United States v. Padilla-Duran

MEMORANDUM **

Petitioner-appellee Padilla-Duran (“Padilla”) was convicted in 1993 of several offenses based on his involvement in a conspiracy to import marijuana into the United States. At sentencing, the district court determined the quantity of drugs attributable to Padilla and sentenced him to 235 months’ imprisonment. Padilla’s conviction and sentence were affirmed by this court on direct appeal. Padilla then filed his first motion under 28 U.S.C. § 2255, which was denied by the district court, and the denial was affirmed by this court. After the Supreme Court decided Apprendi v. New Jersey, 530 U.S. 466, 120 S.Ct. 2348, 147 L.Ed.2d 435 (2000), Padilla requested and received permission from this court to file a successive motion raising an Apprendi claim. Padilla then filed the present successive motion, which was granted by the district court on April 17, 2001. The government appeals.

Under 28 U.S.C. §§ 2255 and 2244, a successive motion must be dismissed unless it is based on newly discovered evidence demonstrating the petitioner’s innocence, or “a new rule of constitutional law, made retroactive to cases on collateral review by the Supreme Court, that was previously unavailable.” 28 U.S.C. § 2255. The district court concluded that Apprendi announced a “new rule” that has been “made retroactive” by the Supreme Court. Relying on Flowers v. Walter, 239 F.3d 1096 (9th Cir.2001) (per curiam), the district court interpreted the phrase “made retroactive ... by the Supreme Court” broadly to allow retroactive application of new rules under the standard announced in Teague v. Lane, 489 U.S. 288, 109 S.Ct. 1060, 103 L.Ed.2d 334 (1989). Accordingly, the district court conducted Teague analysis and concluded that Apprendi applied retroactively to Padilla’s case.

After the district court issued its decision, however, the Supreme Court decided Tyler v. Cain, 533 U.S. 656, 121 S.Ct. 2478, *255150 L.Ed.2d 632 (2001), in which the Court held that the phrase “made retroactive ... by the Supreme Court” means the Supreme Court must have explicitly held that the right applies retroactively to cases on collateral review.

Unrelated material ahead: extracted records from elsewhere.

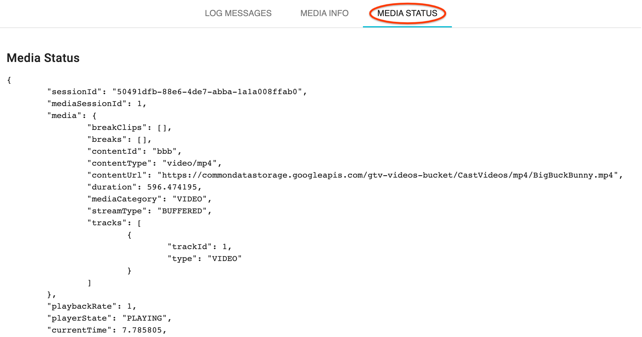 Wenn eine Medienwiedergabe gestartet wird, empfängt das CaC-Tool Medienstatusmeldungen von Ihre Web Receiver App und zeigt sie auf dem Tab MEDIENSTATUS an.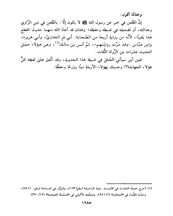 إنَّ الطَّعن في خبر عن رسول الله صلى الله عليه وسلم لا يكون إلَّا: بالطَّعنِ في دينِ الرَّاوي وعدالتِه، أو تَضعيفِه في ضبطِه وحفظِه؛ وهذان قد أعاذَ الله منهما حديثَ القطعِ هذا يَقينًا، لأنَّه من روايةِ أربعة من الصَّحابة: أبي ذرٍ الغفاريّ، وأبي هريرة، وابن عبَّاس -وقد مَرَّت روايَتهم-، ثمَّ أنس بن مالك (¬١)، وعن هؤلاء حمَل الحديث عشرات مِن الرُّواة الثِّقات.
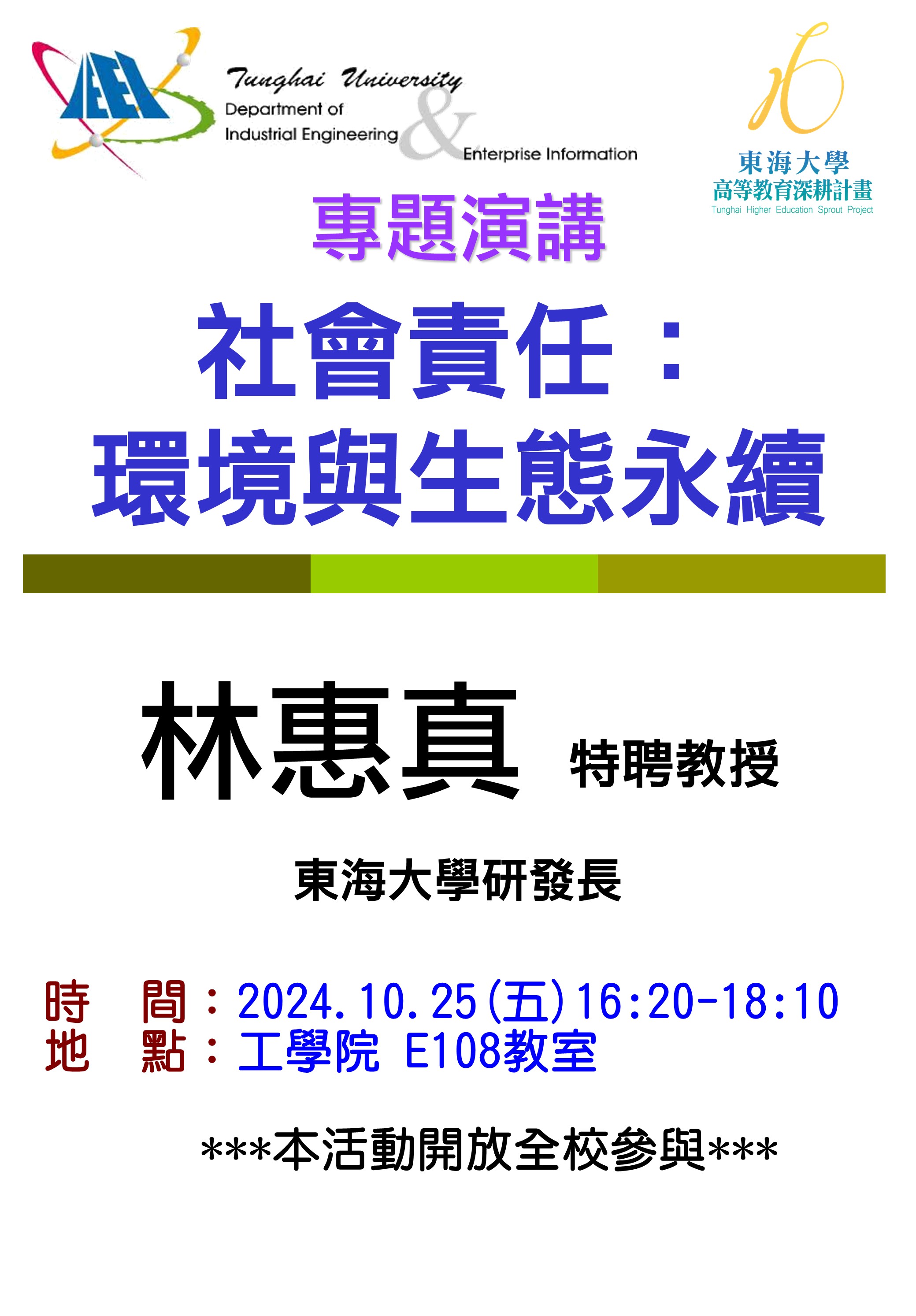 | 【工工系專題演講】10/25 社會責任:環境與生態永續 加入Google行事曆 | 東海大學工學院 E108教室 | 2024-10-25 ~ 2024-10-25 | 16:20 ~ 18:10 | 1.5 | 70 | 69 |

Id. at 662, 121 S.Ct. 2478. In response to Tyler, the Flowers opinion was withdrawn, 267 F.3d 1167 (9th Cir.2001), and replaced with an unpublished disposition affirming dismissal of the successive motion. 24 Fed.Appx. 658 (9th Cir.2001). Thus, it is now clear that a new rule of constitutional law has not been “made retroactive” for the purposes of §§ 2255 and 2244 unless the Supreme Court has explicitly held that the rule applies retroactively to cases on collateral review. See Rees v. Hill, 286 F.3d 1103, 1104 (9th Cir.2002).

As the Supreme Court has never held Apprendi retroactive, Padilla should not have been permitted to bring a successive motion raising an Apprendi claim. Moreover, even if this court could reach the merits of Padilla’s appeal, Padilla would not be entitled to relief, because we recently held that Apprendi does not apply retroactively to cases on collateral review. See United States v. Sanchez-Cervantes, 282 F.3d 664 (9th Cir.2002).

Accordingly, the district court’s order granting Padilla’s successive motion is reversed, and the case is remanded with instructions to dismiss the petition.

REVERSED AND REMANDED.

This disposition is not appropriate for publication and may not be cited to or by the courts of this circuit except as provided by Ninth Circuit Rule 36-3.